Divestment and the need for moral leadership on climate

On Monday, thousands of students and faculty at colleges, high schools, and even two middle schools across the nation walked out of class to reject the deadly climate denialism of the Trump administration and demand moral leadership from our institutions.
Tuesday, the need for that leadership became even more clear. Donald Trump signed executive actions that attempt to restart the Keystone XL and Dakota Access pipelines. He took this action despite clear opposition from people whose land, livelihoods, and communities will be devastated, climate scientists warning of disastrous climate impacts, and hundreds of thousands across the country who organized and protested to stop them.
This should not come as a surprise. Trump has invested heavily in both these pipelines (a spokesman says he has resolved these conflicts of interest, but refused to provide evidence). He’s also appointed Exxon Mobil CEO Rex Tillerson, along with a slew of climate deniers, billionaires, and white supremacists to his cabinet. At noon on Inauguration Day, all mentions of climate change (along with pages on civil rights and LGBTQ rights) disappeared from the White House website. And these actions are likely just the beginning. Trump’s poised to eliminate all federal climate regulations and throw out our commitments in the Paris Climate Accord.
Over the coming months, Trump and the GOP will continue to promote policies to bail out the fossil fuel industry. They are authorizing unnecessary dirty pipelines in order to enrich Big Oil executives who were, until this election, facing the slow decline of their industry. They want more money and more power to take people’s land. This will contaminate more water and sacrifice more lives.
In turbulent times here and around the world, institutions of higher education have played critical roles in standing up for rights and justice against authoritarian and repressive governments. Throughout our own history, Swarthmore has been a leader in social justice and stood up for what was right, even if it wasn’t popular. At this moment, colleges like Swarthmore must be the moral leaders our president is not, on climate justice, and on a range of social justice issues. We must be a moral anchor and a beacon of hope in these trying times.
Our $1.9 billion endowment is one of our most powerful tools for showing this moral leadership. By taking our investments out of the industry, we are saying it is wholly incompatible with our values as an institution. It isn’t about hurting share prices, but rather about stripping the fossil fuel industry of its social license to operate. We’ve already seen evidence that this is tremendously effective. five years ago, fossil fuel divestment was started right here on this campus. Today, the movement has divested $5 trillion.
The fossil fuel industry’s response shows the movement’s success. In 2014, the Australian Coal Council tried to make divestment illegal because it was threatening their profits. The Alberta Oil Magazine warned executives “to ignore divestment at their own peril.” Last year, the Independent Petroleum Association of America began an extensive PR campaign called “Divestment Facts” to discourage administrations and students from supporting our movement. The morning of the national day of action, they urged students to #StayInClass. When the Board of Managers said “no” to divestment, the Independent Petroleum Association of America applauded the decision in the press. As this industry continues to partner with and profit from the Trump administration, it is past time that Swarthmore makes sure we are no longer applauded by the fossil fuel industry.

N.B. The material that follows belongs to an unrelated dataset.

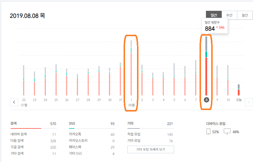 8월달은 1일하고 8일이 제일 많이 유입이 됐습니다. 8일 이때가 갤럭시노트10이 공개가 되면서 많은 분들께서 검색해주고 찾아 주셨습니다.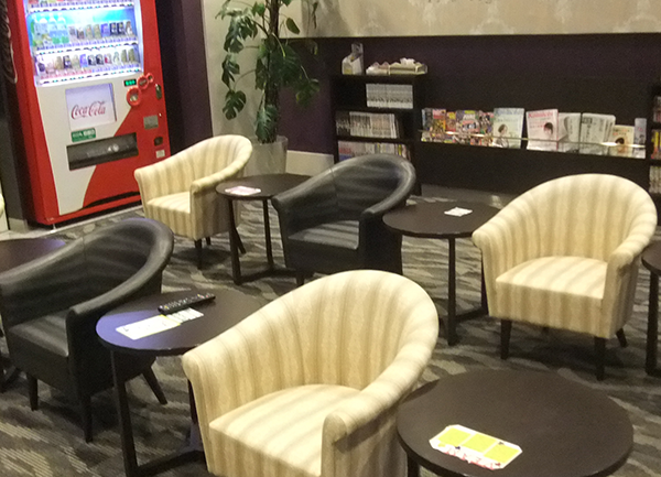 落ち着いた雰囲気のレストコーナーには漫画本や雑誌、テレビなどが用意されている。居心地もよいため、プレイヤーたちはゆったりとくつろげていたことだろう。

As Trump’s administration and the fossil fuel industry continue to push through policies that will put millions of lives on the line and threaten our future, it will be hard for us to show credible leadership when we are investing in the fossil fuel industry, in companies like Dakota Access that are trampling indigenous rights and in companies like Exxon that have been popularizing for decades the climate denialism that Trump espouses. We need to use every tool at our disposal to stand against this industry and this president. By divesting, we can make a powerful statement: this industry’s business model that profits off economic and racial injustice and that is wrecking the climate is incompatible with our values as an institution.
We know divestment cannot happen overnight, but there are steps we can take right now. Some of our endowment is held in separately-managed accounts. As Board Investments Committee Chair Chris Niemczewski said in the Spring 2015 Swarthmore Alumni Bulletin, with these funds, “it is easy for a client to come to the investment manager with specific needs or requests, such as for a fossil-free portfolio.” We also know that many of our other managers of more traditional commingled accounts have fossil-free options, meaning that to divest those accounts we just need to call the managers and ask them to transfer our money to one of their fossil free funds. This would avoid the major challenge to divest raised by the Board, which is that Swarthmore would need to switch our investment managers.
When the President of the United States is actively threatening communities and the very future of this planet, there is no room for neutrality. We must take prompt action and we must show leadership. The clearest, most powerful way to do that is by ending our investments in the fossil fuel industry. Next Wednesday, Mountain Justice are meeting with President Smith and we look forward to working with her and the Board to take some of these common sense steps to stop our support of this industry.